▶ _Exercise prompt_
Once you find the line below that has "Бактерияларды ерітіп жіберетін", output it and every line after it exactly, stopping after the line that has "Součástí je vše, co", with no pictures.

▶ _Information_
----------------
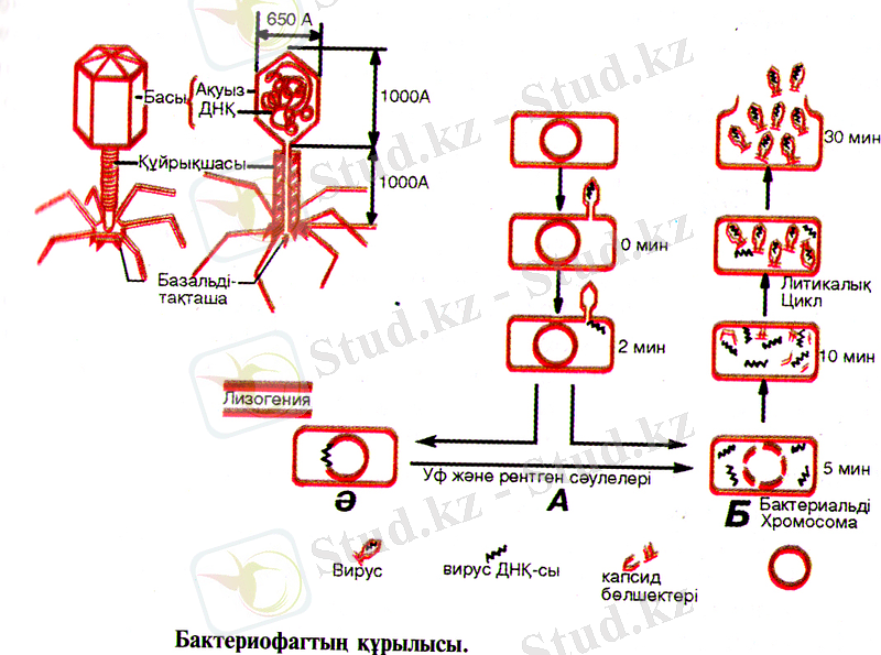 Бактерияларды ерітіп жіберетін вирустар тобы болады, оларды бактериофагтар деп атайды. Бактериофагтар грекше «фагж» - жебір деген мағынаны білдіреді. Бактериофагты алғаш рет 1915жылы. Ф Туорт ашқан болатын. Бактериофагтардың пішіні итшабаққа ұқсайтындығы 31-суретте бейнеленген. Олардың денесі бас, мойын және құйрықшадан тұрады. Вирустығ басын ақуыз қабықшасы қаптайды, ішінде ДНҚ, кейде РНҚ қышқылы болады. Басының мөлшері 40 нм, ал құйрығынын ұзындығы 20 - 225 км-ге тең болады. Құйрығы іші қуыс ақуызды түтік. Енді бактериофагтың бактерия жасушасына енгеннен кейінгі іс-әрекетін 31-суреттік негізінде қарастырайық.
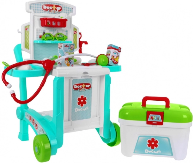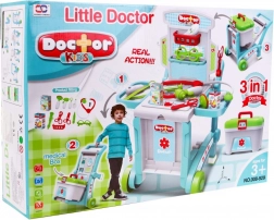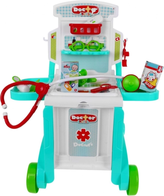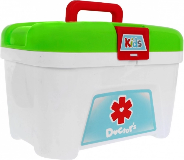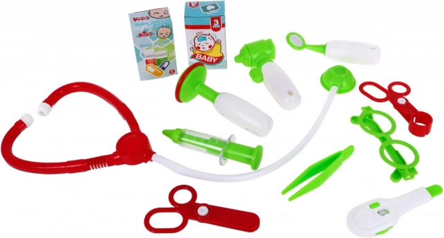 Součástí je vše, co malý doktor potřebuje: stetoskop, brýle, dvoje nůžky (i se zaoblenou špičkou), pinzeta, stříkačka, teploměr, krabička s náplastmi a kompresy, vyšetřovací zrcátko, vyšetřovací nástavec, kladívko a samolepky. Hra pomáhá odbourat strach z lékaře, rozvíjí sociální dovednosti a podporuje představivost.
----------------
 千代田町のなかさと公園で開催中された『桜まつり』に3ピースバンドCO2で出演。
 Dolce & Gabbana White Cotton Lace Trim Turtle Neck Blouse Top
----------------
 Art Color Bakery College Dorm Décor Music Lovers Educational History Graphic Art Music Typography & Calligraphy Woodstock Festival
----------------
▶ _Result for this task_
 Бактерияларды ерітіп жіберетін вирустар тобы болады, оларды бактериофагтар деп атайды. Бактериофагтар грекше «фагж» - жебір деген мағынаны білдіреді. Бактериофагты алғаш рет 1915жылы. Ф Туорт ашқан болатын. Бактериофагтардың пішіні итшабаққа ұқсайтындығы 31-суретте бейнеленген. Олардың денесі бас, мойын және құйрықшадан тұрады. Вирустығ басын ақуыз қабықшасы қаптайды, ішінде ДНҚ, кейде РНҚ қышқылы болады. Басының мөлшері 40 нм, ал құйрығынын ұзындығы 20 - 225 км-ге тең болады. Құйрығы іші қуыс ақуызды түтік. Енді бактериофагтың бактерия жасушасына енгеннен кейінгі іс-әрекетін 31-суреттік негізінде қарастырайық.
 Součástí je vše, co malý doktor potřebuje: stetoskop, brýle, dvoje nůžky (i se zaoblenou špičkou), pinzeta, stříkačka, teploměr, krabička s náplastmi a kompresy, vyšetřovací zrcátko, vyšetřovací nástavec, kladívko a samolepky. Hra pomáhá odbourat strach z lékaře, rozvíjí sociální dovednosti a podporuje představivost.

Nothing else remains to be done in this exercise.